▸ TASK DETAILS
Pictures do not belong in the copy; quote every entry below exactly.

[Saved entries]

□ □ □ □ □ □ □

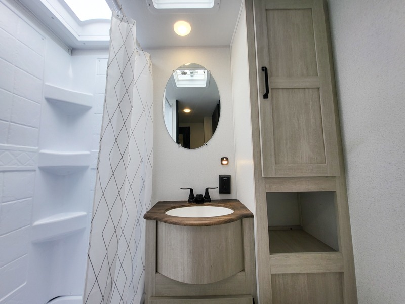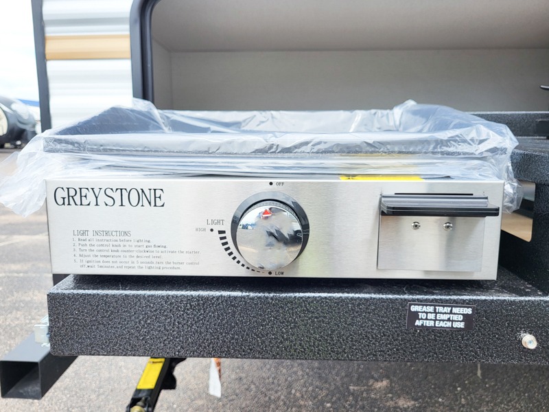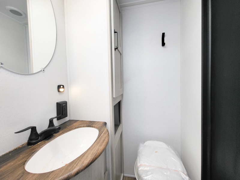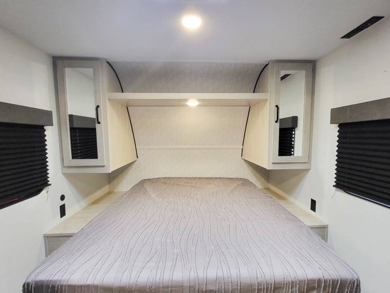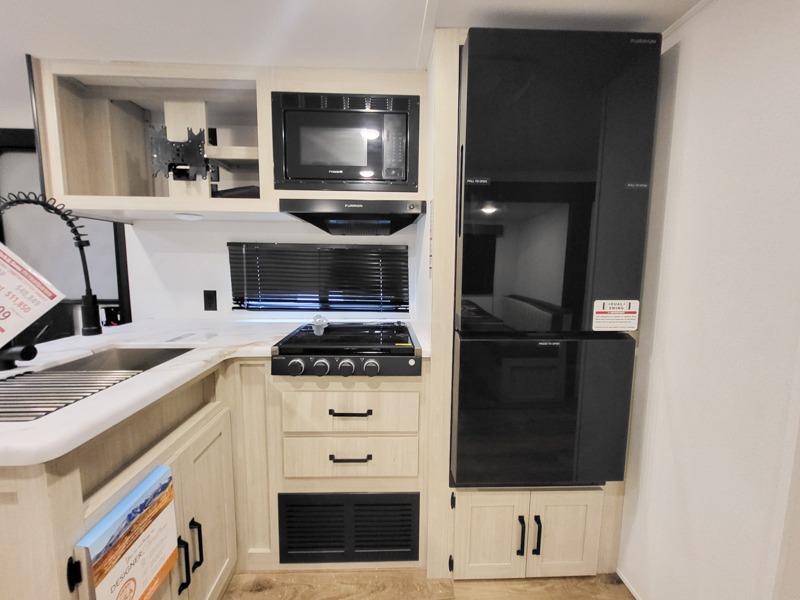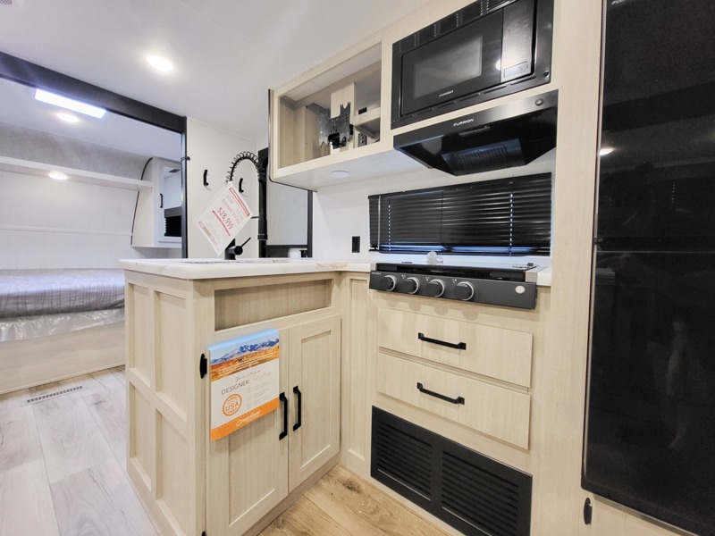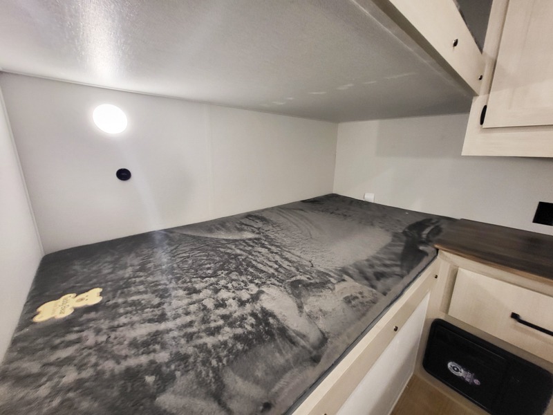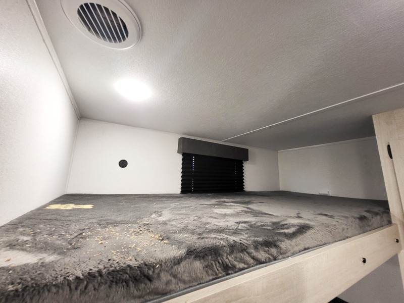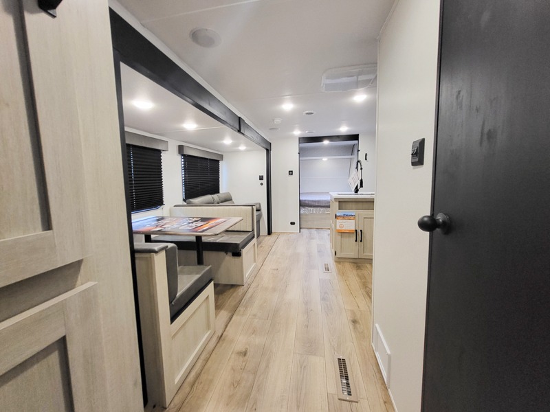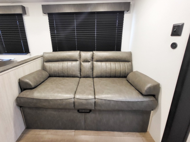 If you're looking for more space, this double axle unit features a large slide so you can walk about freely. Here, you'll find the booth dinette and sofa, which sit across from the optional TV if you want to enjoy movie nights. The full kitchen includes a stainless microwave and three burner cooktop to make meals, plus a pantry and 12V refrigerator for food storage. And an optional outside kitchen with a griddle can be added if you enjoy cooking outdoors! Your guests or littles are sure to enjoy the rear private bunkhouse with four bunk beds and a wardrobe for their things!
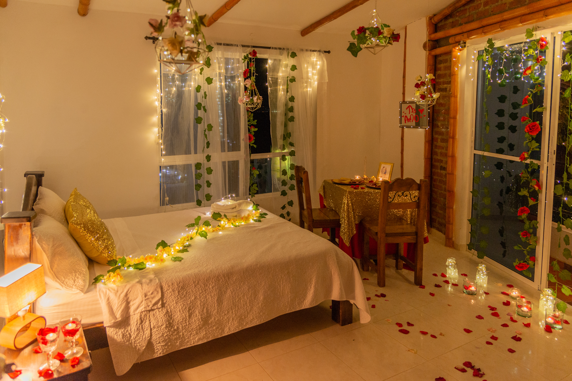 ✅ decoración de la hab con cojines decorativos, luces cálidas, canastas de flores colgando del techo, enredaderas de florez cayendo de las ventanas, candelabros y velitas.
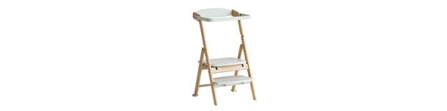 成長に合わせて使える3WAY仕様の多機能チェア「Kitchen assister & Chair -ema-」。小さな踏み台を下に付ければお手伝いを支えるラーニングタワーに、上に付ければ食事に便利なハイチェアとして活躍します。大きい踏み台は耐荷重80kgで、大人のステップとしても使える丈夫なつくり。折りたたむと幅わずか21cmとコンパクトになり、隙間収納も可能です。丸みのあるフォルムや滑り止め加工など、お子さまが安心して使える工夫を随所に施した、日常に寄り添う木製アシスターチェアです。
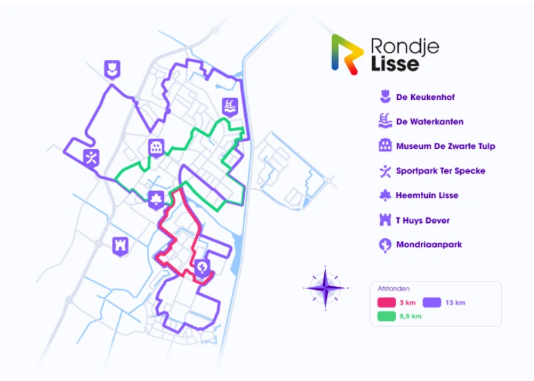Die Rundwanderung durch Lisse besteht aus drei Wanderwegen, die durch verschiedene Teile von Lisse führen. Der rosa Weg ist 3 Kilometer lang, der grüne Weg 5,5 Kilometer und der violette Weg 13 Kilometer.
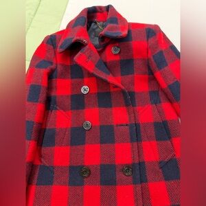J. Crew Buffalo Plaid Wool Pea Coat Red & Navy Double Breasted Size 00P
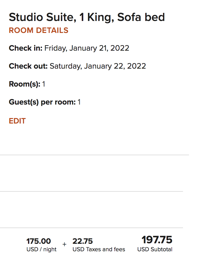 Booking a room through the Capital One Travel portal was easy. The thing that was even more surprising to me, was that for some dates I searched it was even cheaper than booking with Marriott directly. In this example it was $197.75 to book with Marriott directly:
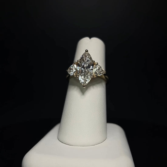 9K yellow gold set with a 2.5ct lab-grown marquise centre diamond, paired with two 0.50ct trillion-cut accent diamonds.
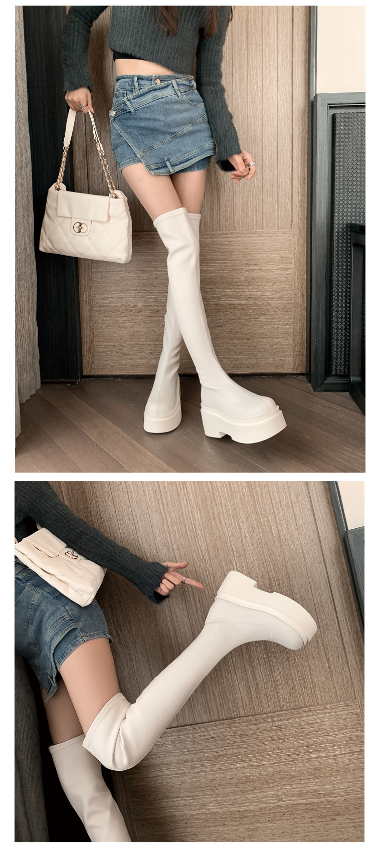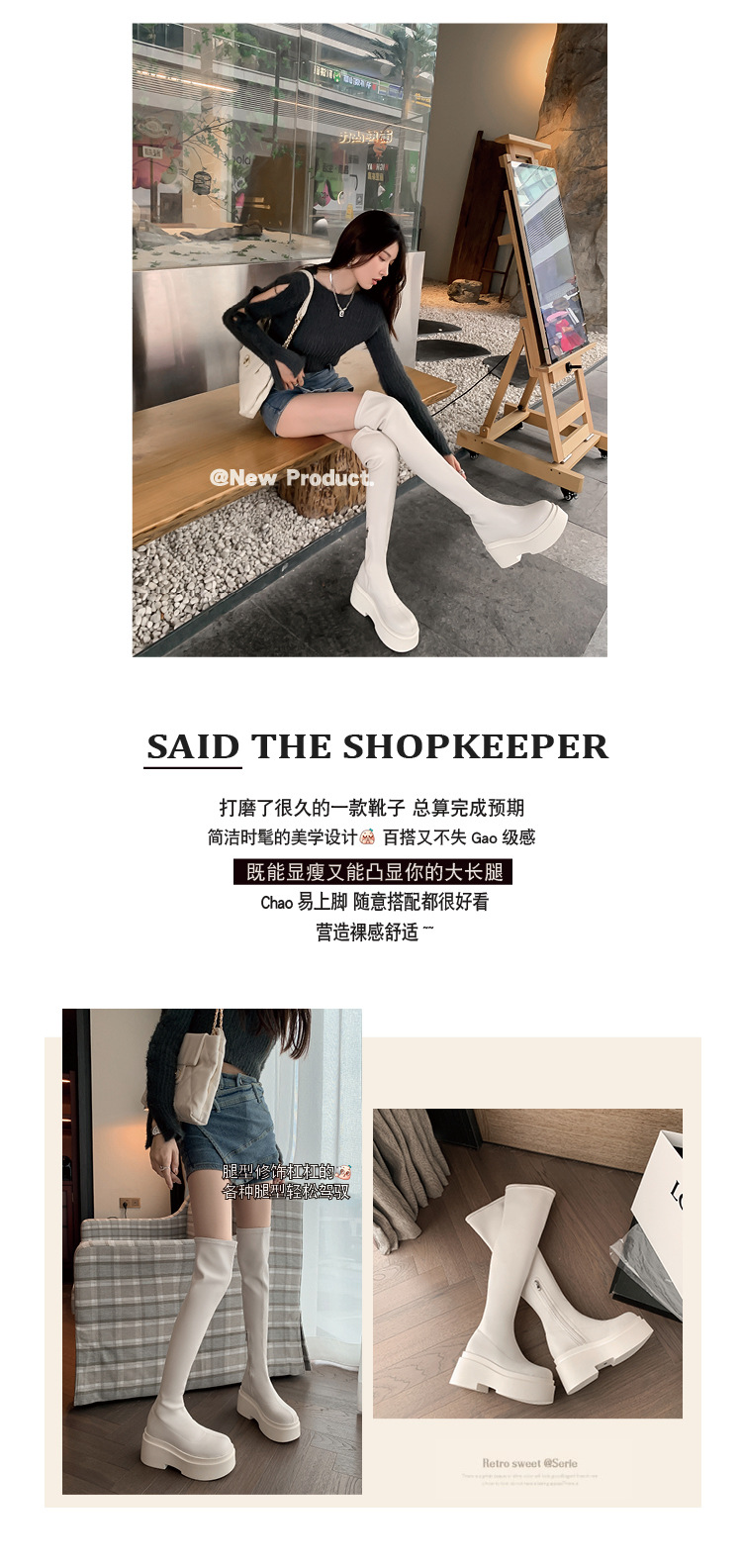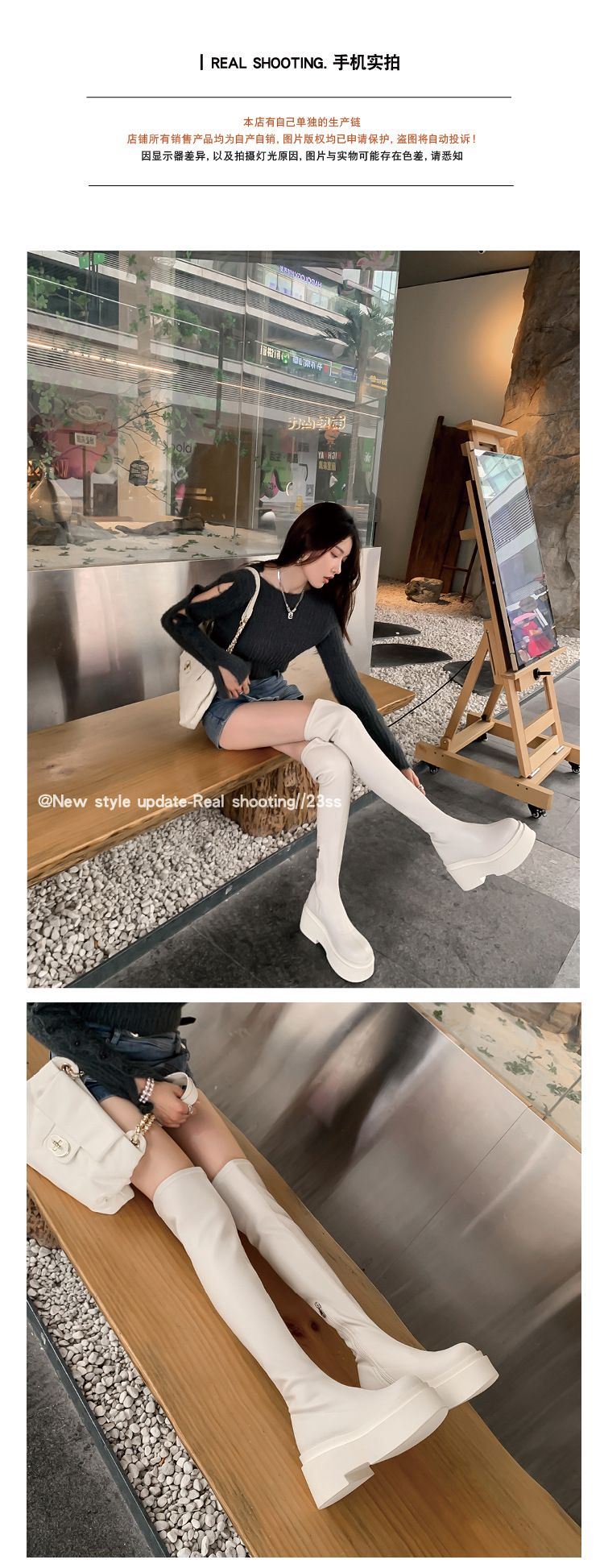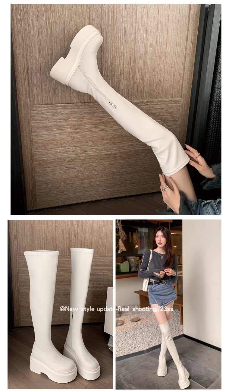 부츠 여성용 하이 부츠 가을과 겨울 얇은 다리 스트레치 부츠 대형 배럴 두꺼운 바닥 증가 플랫폼 라이더 나이트 오버 더 니 부츠 트렌디스토어 가기

□ □ □ □ □ □ □

▸ RESPONSE BOX
 If you're looking for more space, this double axle unit features a large slide so you can walk about freely. Here, you'll find the booth dinette and sofa, which sit across from the optional TV if you want to enjoy movie nights. The full kitchen includes a stainless microwave and three burner cooktop to make meals, plus a pantry and 12V refrigerator for food storage. And an optional outside kitchen with a griddle can be added if you enjoy cooking outdoors! Your guests or littles are sure to enjoy the rear private bunkhouse with four bunk beds and a wardrobe for their things!
 ✅ decoración de la hab con cojines decorativos, luces cálidas, canastas de flores colgando del techo, enredaderas de florez cayendo de las ventanas, candelabros y velitas.
 成長に合わせて使える3WAY仕様の多機能チェア「Kitchen assister & Chair -ema-」。小さな踏み台を下に付ければお手伝いを支えるラーニングタワーに、上に付ければ食事に便利なハイチェアとして活躍します。大きい踏み台は耐荷重80kgで、大人のステップとしても使える丈夫なつくり。折りたたむと幅わずか21cmとコンパクトになり、隙間収納も可能です。丸みのあるフォルムや滑り止め加工など、お子さまが安心して使える工夫を随所に施した、日常に寄り添う木製アシスターチェアです。
Die Rundwanderung durch Lisse besteht aus drei Wanderwegen, die durch verschiedene Teile von Lisse führen. Der rosa Weg ist 3 Kilometer lang, der grüne Weg 5,5 Kilometer und der violette Weg 13 Kilometer.
J. Crew Buffalo Plaid Wool Pea Coat Red & Navy Double Breasted Size 00P
 Booking a room through the Capital One Travel portal was easy. The thing that was even more surprising to me, was that for some dates I searched it was even cheaper than booking with Marriott directly. In this example it was $197.75 to book with Marriott directly:
 9K yellow gold set with a 2.5ct lab-grown marquise centre diamond, paired with two 0.50ct trillion-cut accent diamonds.
 부츠 여성용 하이 부츠 가을과 겨울 얇은 다리 스트레치 부츠 대형 배럴 두꺼운 바닥 증가 플랫폼 라이더 나이트 오버 더 니 부츠 트렌디스토어 가기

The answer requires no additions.